- The Washington Times - Sunday, March 6, 2005

BAGHDAD — Iraqi politicians set March 16 for the opening of the country’s first democratically elected parliament in modern history as a deal hardened to name Jalal Talabani, a leader of the minority Kurds, to the presidency.

The more powerful prime minister’s job will go to Ibrahim al-Jaafari, a conservative Shi’ite who leads the Islamic Dawa party. His nomination, which the Kurds have agreed to, has been endorsed by the most powerful Shi’ite cleric in Iraq — Grand Ayatollah Ali al-Husseini al-Sistani.

“This was one of our firm demands, and we agreed on it previously. The agreement states that Jalal Talabani takes the presidential post, and one of the United Iraqi Alliance members takes the prime minister’s post,” Talabani spokesman Azad Jundiyan said.

He added that the clergy-backed United Iraqi Alliance had reached a preliminary agreement with the Kurds on their other conditions — including extending their territories to encompass Kirkuk.

Mr. Jundiyan said they wanted the deal on paper before going though with it, while alliance officials, including Ahmed Chalabi, said the negotiations were not over.
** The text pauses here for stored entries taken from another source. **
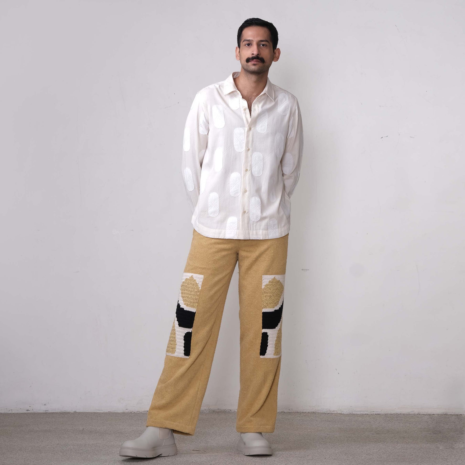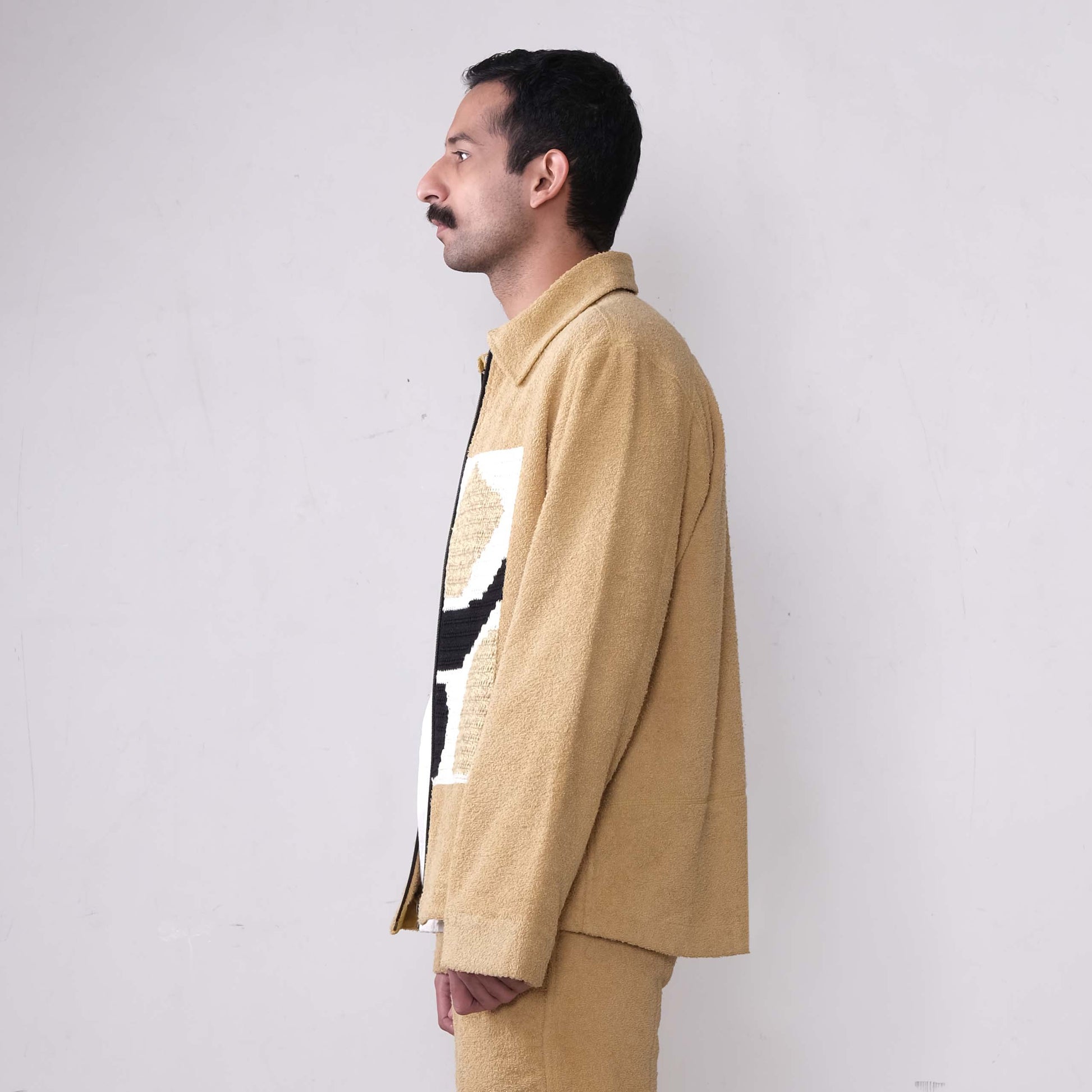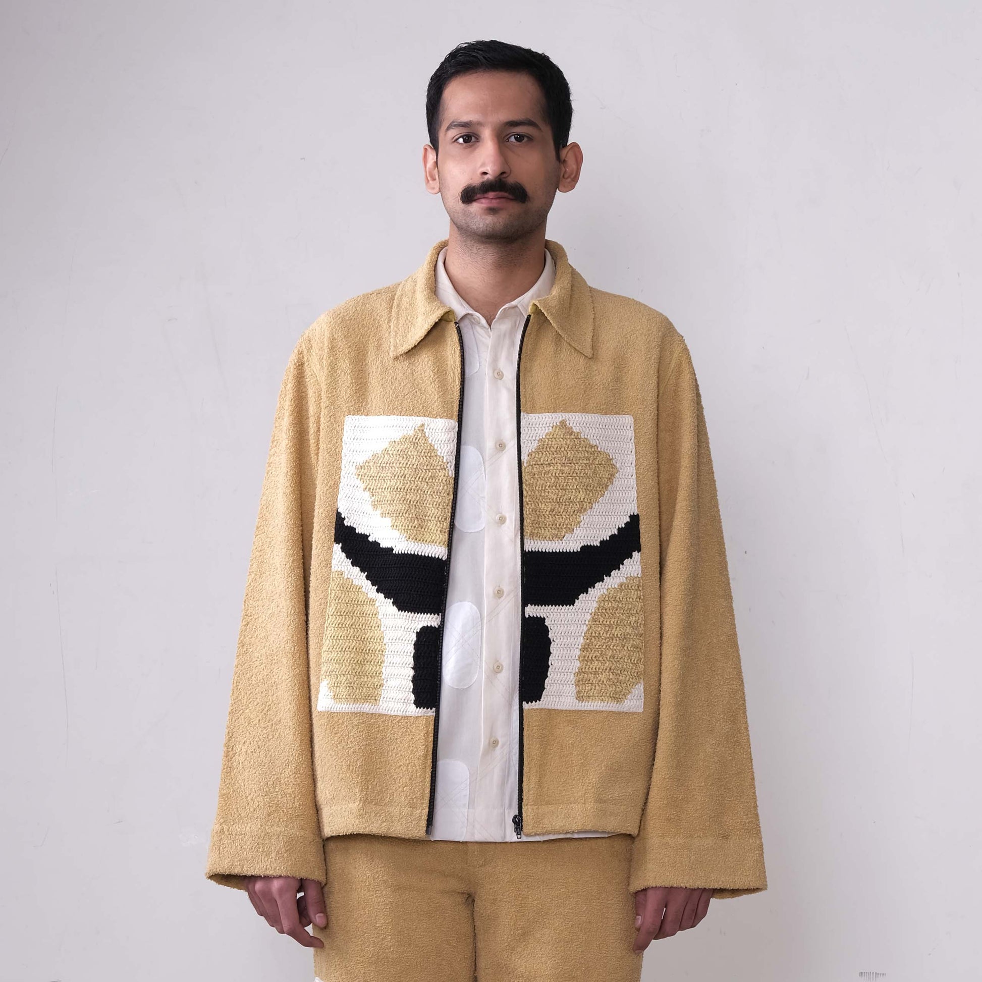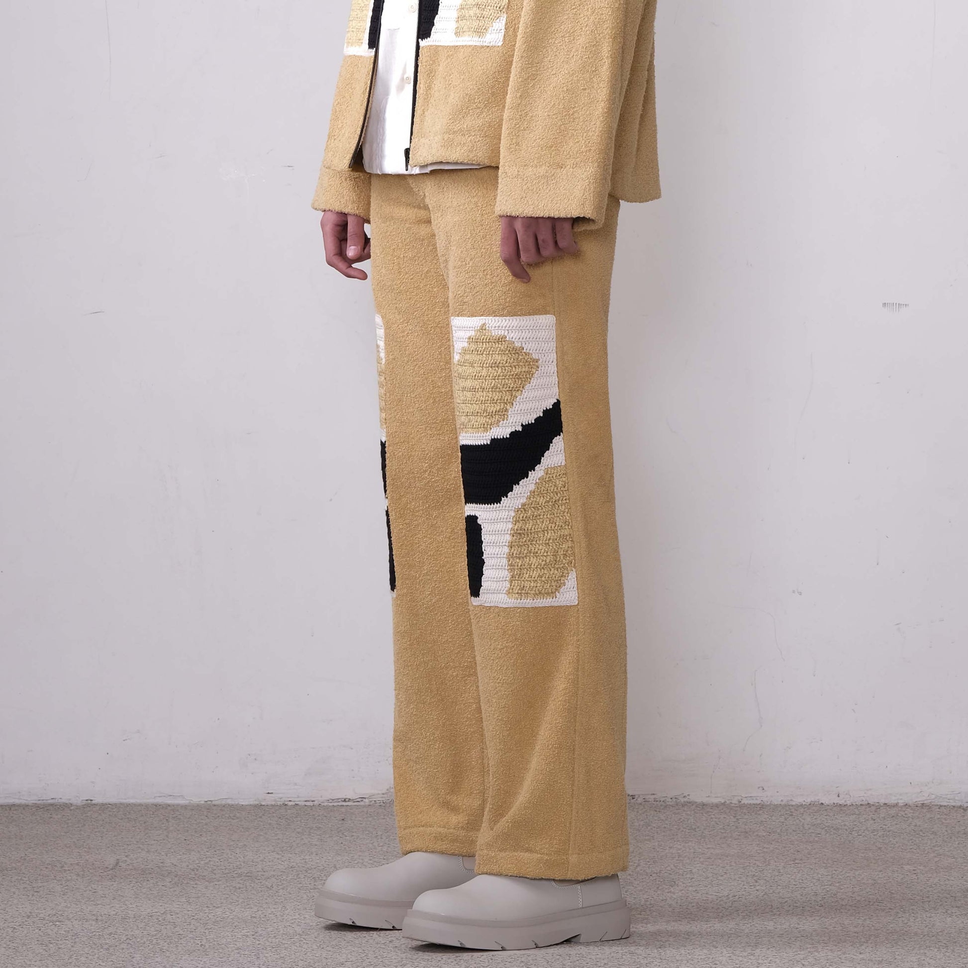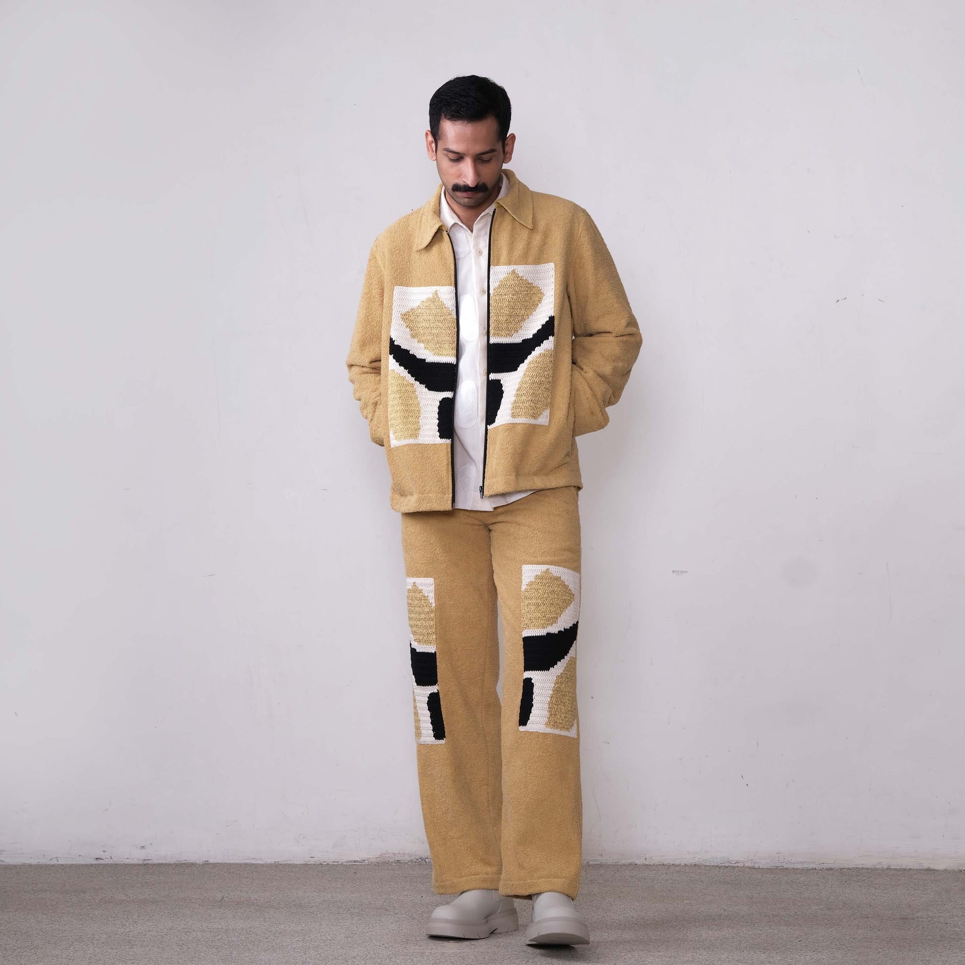 Natural dyed organic cotton terry jacket and trouser with hand crocheted applique, Gaji silk lining.
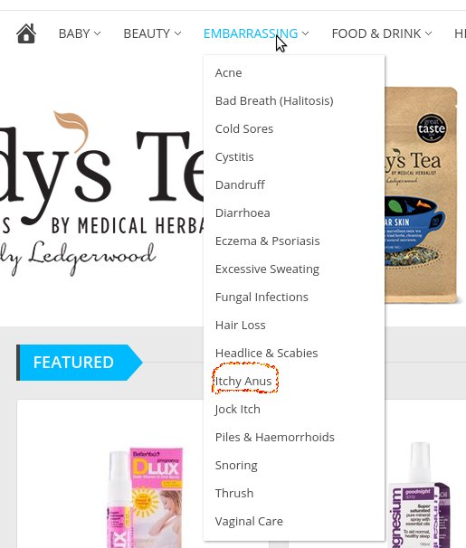 So like I am trying re-order some probiotics and... I notice the menu item "Embarrassing"... MY DUDES. Somebody needs to explain to you how this is worse than the actual items on the sub-menu. Also I'm a child so: "Itchy Anus". LOL
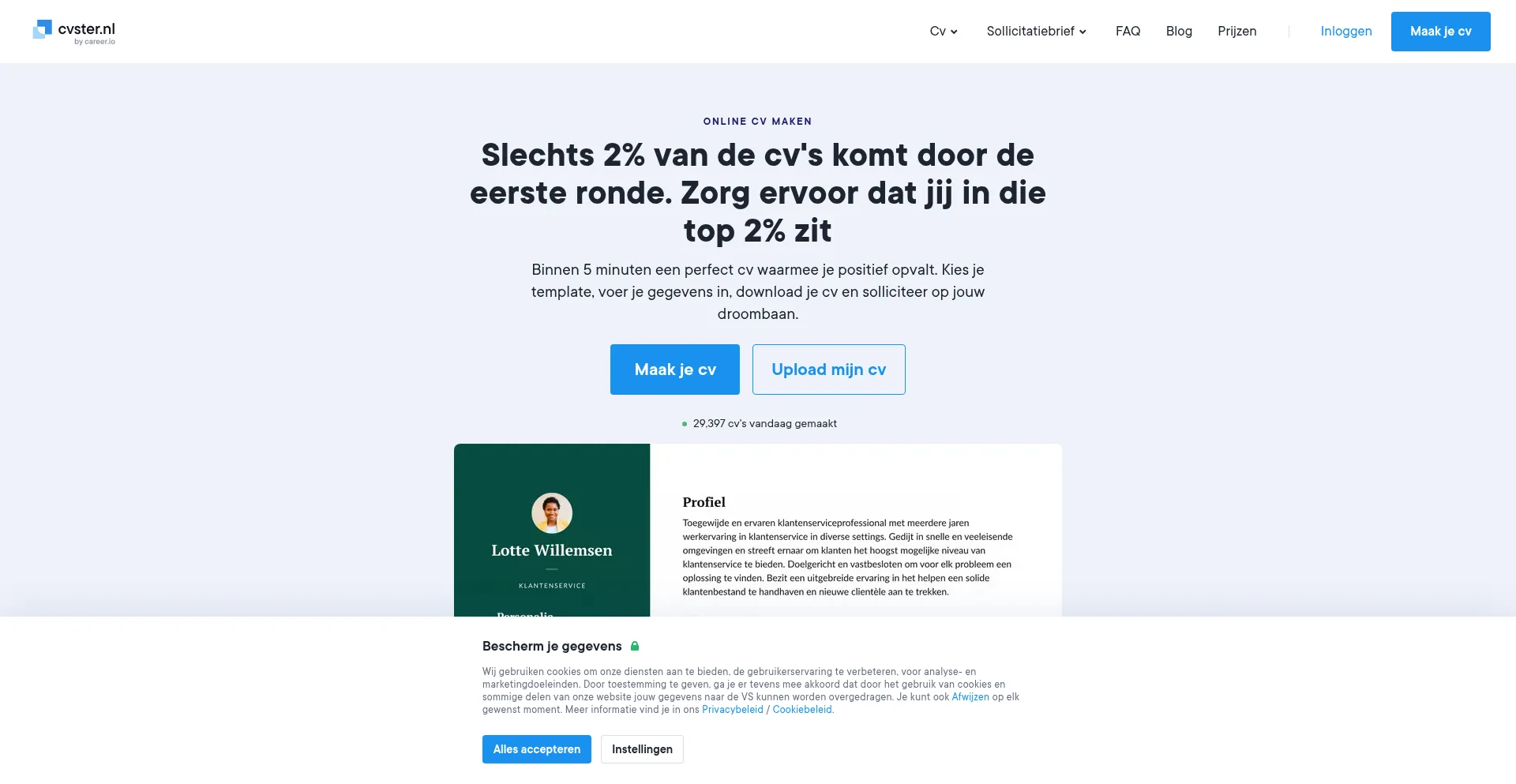 Cvster.nl Reseña del sitio web
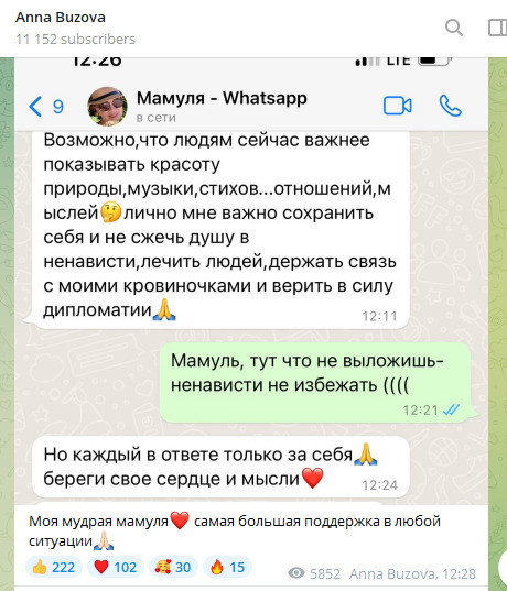 «Возможно, что людям сейчас важнее показывать красоту природы, музыки, стихов, отношений, мыслей. Лично мне важно сохранить себя и не сжечь душу в ненависти, лечить людей, держать связь с моими кровиночками и верить в силу дипломатии. Каждый в ответе за себя. Береги свое сердце и мысли», — отметила Бузова-старшая в личной переписке с дочерью.
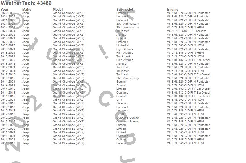 Below is an abbreviated list of applications for the Cargo Liner.Grand Cherokee (WK2), Jeep, 2022, 2021, 2020, 2019, 2018, 2017, 2016, 2015, 2014, 2013, 2012, 2011
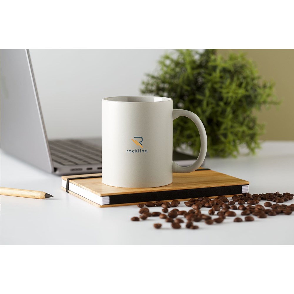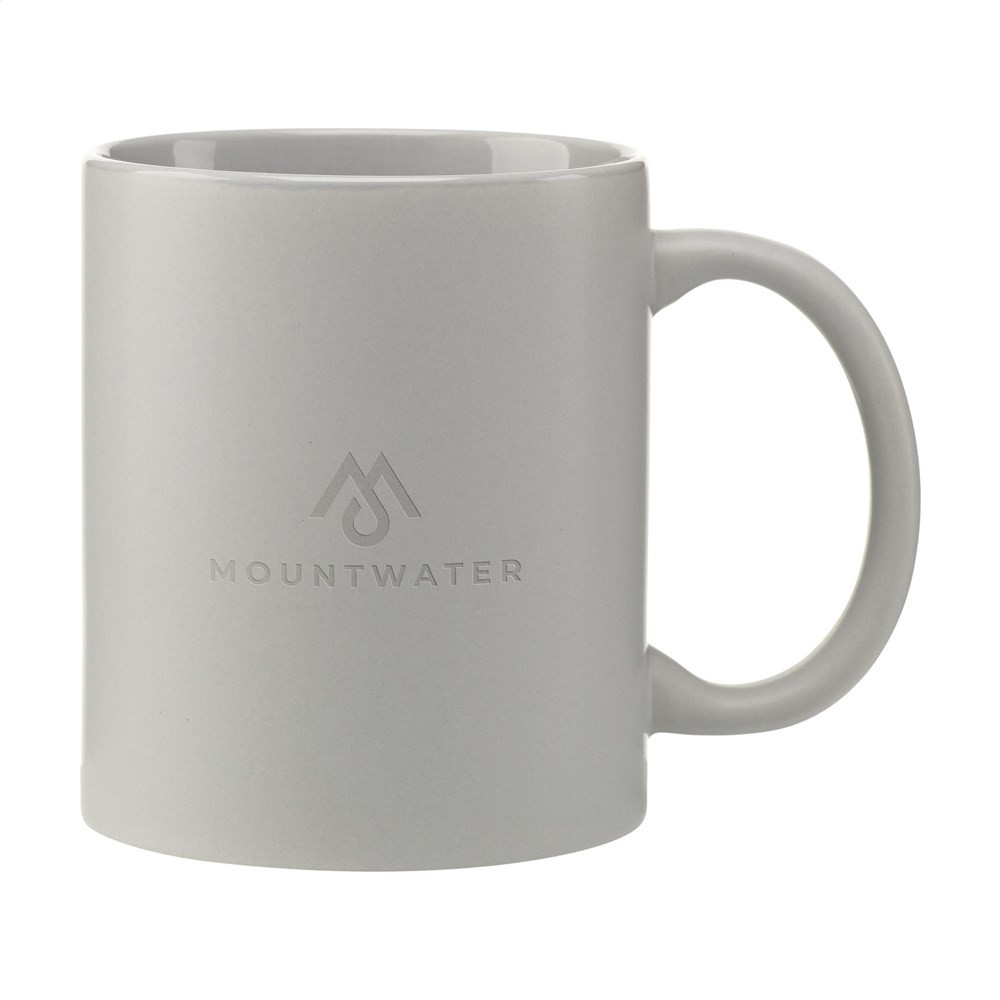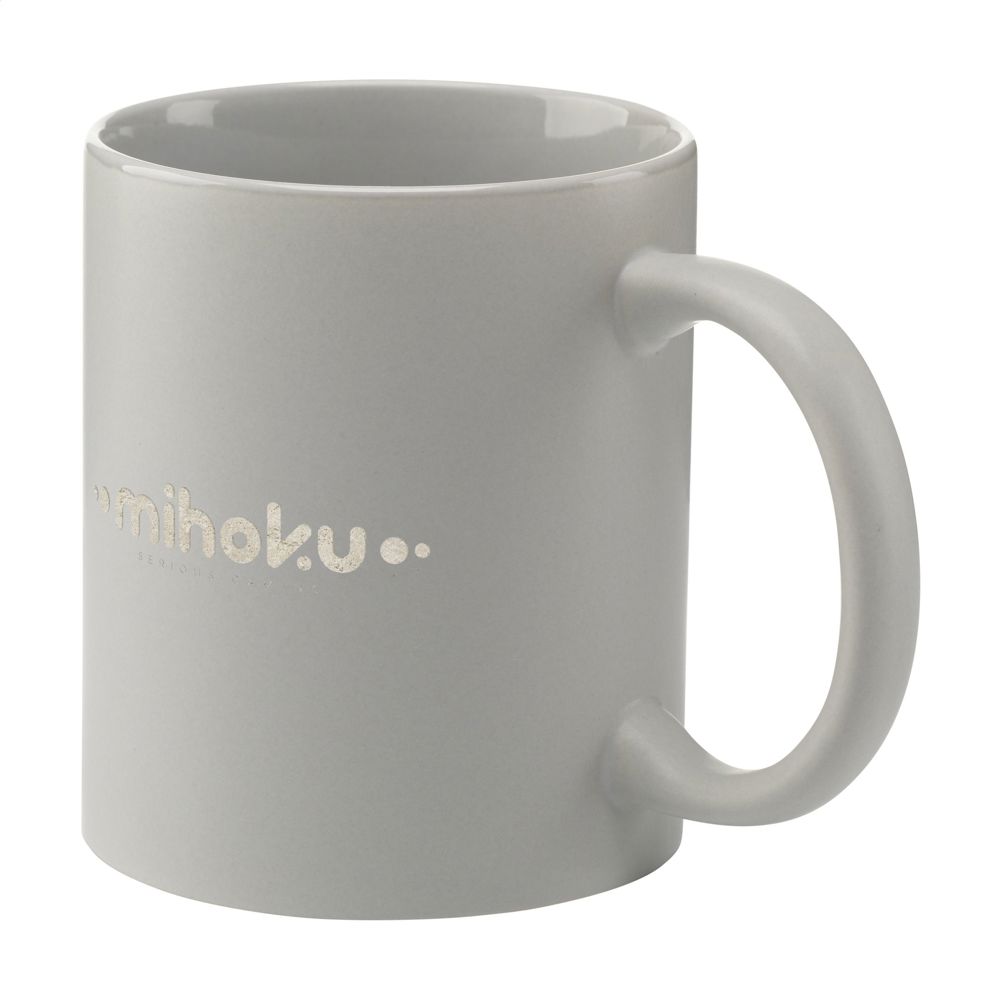 Mok van hoogwaardig keramiek met een matte buitenzijde en glanzende binnenzijde. Vaatwasserbestendig. De opdruk is vaatwasmachine getest en gecertificeerd: EN 12875-2. Inhoud 350 ml.
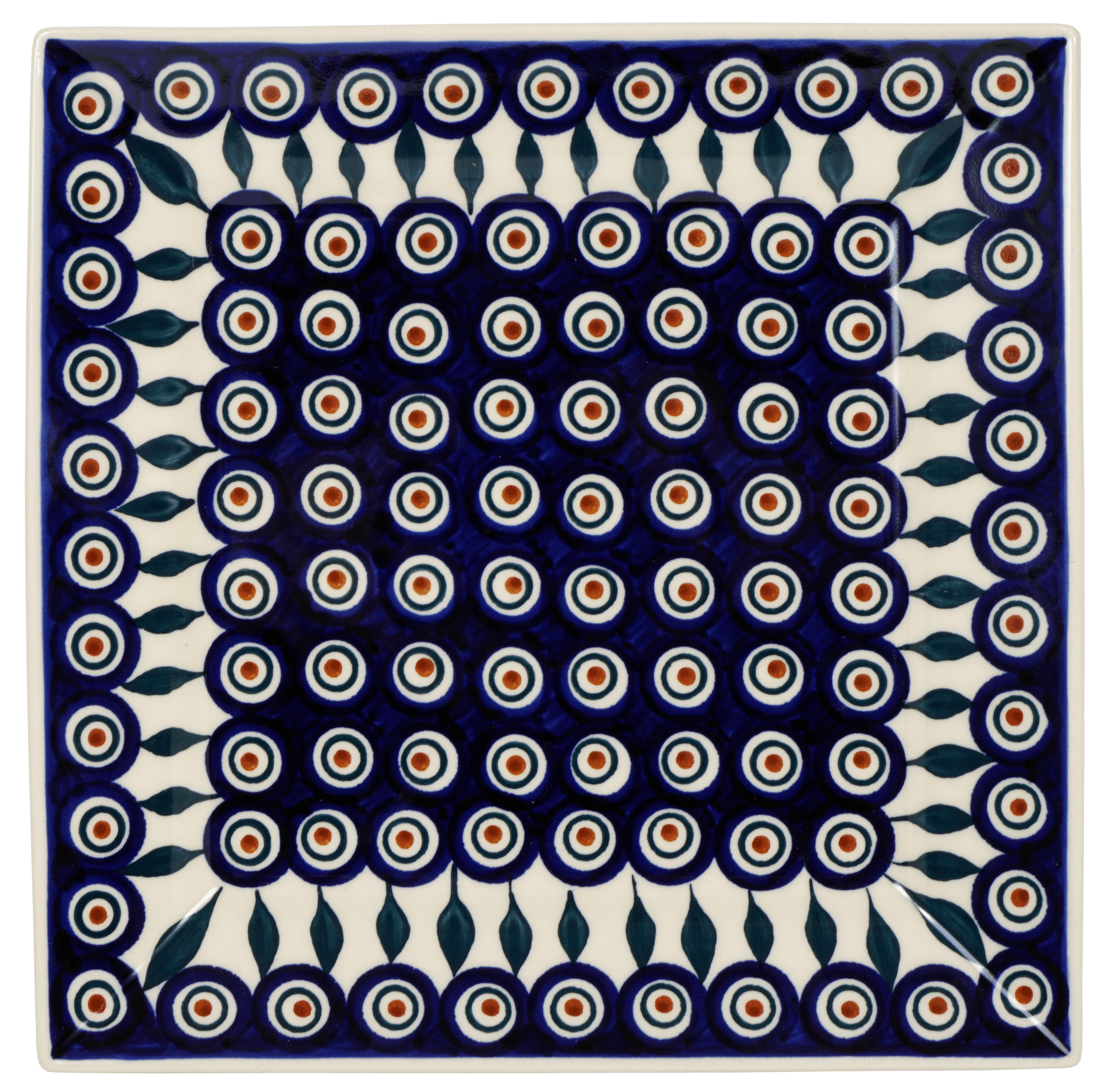 The "Peacock" pattern is a testament to the rich tradition and skilled craftsmanship of Polish pottery. At its heart lies a bold cluster of peacock circles set against a blue backdrop, surrounded by large teal green petals that stretch to the edges over a crisp white background. This pattern showcases the traditional artistry of Polish pottery, where each piece is handcrafted using the "punching" technique of hand stamping. Created by highly skilled artisans in Boleslawiec, Poland, this plate is a blend of both functional utility and breathtaking beauty, making it a perfect addition to any home.

Meanwhile, Ali Fadhil al-Imseer took office yesterday as Baghdad’s new Shi’ite governor — the city’s first democratically elected municipal official since the fall of Saddam Hussein in April 2003. Provincial and municipal elections were held alongside national ones on Jan. 30.

In Mosul, 225 miles north of Baghdad, gunmen killed a prominent Sunni politician. Hana Abdul Qader, a lawyer and member of Mosul’s previous city council, was shot while leaving her home, said Noor Al-Din Saied, spokesman for the Iraqi Islamic party in the city.

U.S. soldiers assigned to the 1st Marine Expeditionary Force and Iraqi forces arrested more than 60 insurgency suspects in the city of Haswa, 31 miles south of Baghdad, on Saturday, the U.S. military said.

State-run Al Iraqiya television reported that Barham Saleh, a Kurd who is deputy prime minister for national security affairs, confirmed that the 275-seat National Assembly elected in January would convene March 16.

That is the anniversary of the 1988 Saddam-ordered chemical attack on the northern Kurdish town of Halabja, which killed 5,000 people. Mr. Saleh met with alliance leader Abdul Aziz al-Hakim on Saturday when the alliance convened to discuss the issue.

“The United Iraqi Alliance proposed to convene on March 15, but we proposed the 16th, the anniversary of Halabja massacre, when Saddam ordered his army in 1988 to kill Kurds with chemical weapons.

“On this day, we want to denounce this massacre as we establish a new democratic parliament,” Mr. Jundiyan said.